Church Ushers Roam Aisles Asking If Anyone Needs A Pillow
ORANGE, CA—Ushers at Delta Community Church were seen Sunday morning roaming the aisles asking if anyone needed a pillow, beverage, snack, or pair of earplugs during the church service.
Churchgoers say they really appreciate the new in-pew service, through which they can get all kinds of freebies and foods for purchase to make their church experience comfortable and luxurious.

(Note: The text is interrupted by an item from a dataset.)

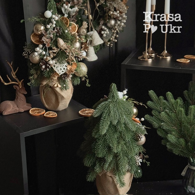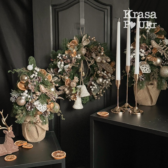 Комплектація: вінок, ялинка 50 см, підсвічники (на вибір)

The church also has helpful lights on the back of each pew indicating when it’s OK to get up and use the restroom, such as during the offering.
“Hi, can I get you anything?” one usher said quietly, working his way back from the front of the church—the “first class” section where the big tithers sit—to the economy seats. “Pillow, bag of peanuts, blindfold?”
The churchgoer took a few minutes to decide, perusing the pew-back menu.
“Just a beverage? No, sorry, we don’t have any alcohol. I know the sign on the building says we are a community church but we’re basically Baptists. You can try the Presbyterian church across the street,” the usher said apologetically. The man ended up settling for a cup of grape juice and a blanket.
Unfortunately, by the time the usher made it to the back pew, he was all out of pillows, so one man had to settle for resting his head on his Bible until the service let out.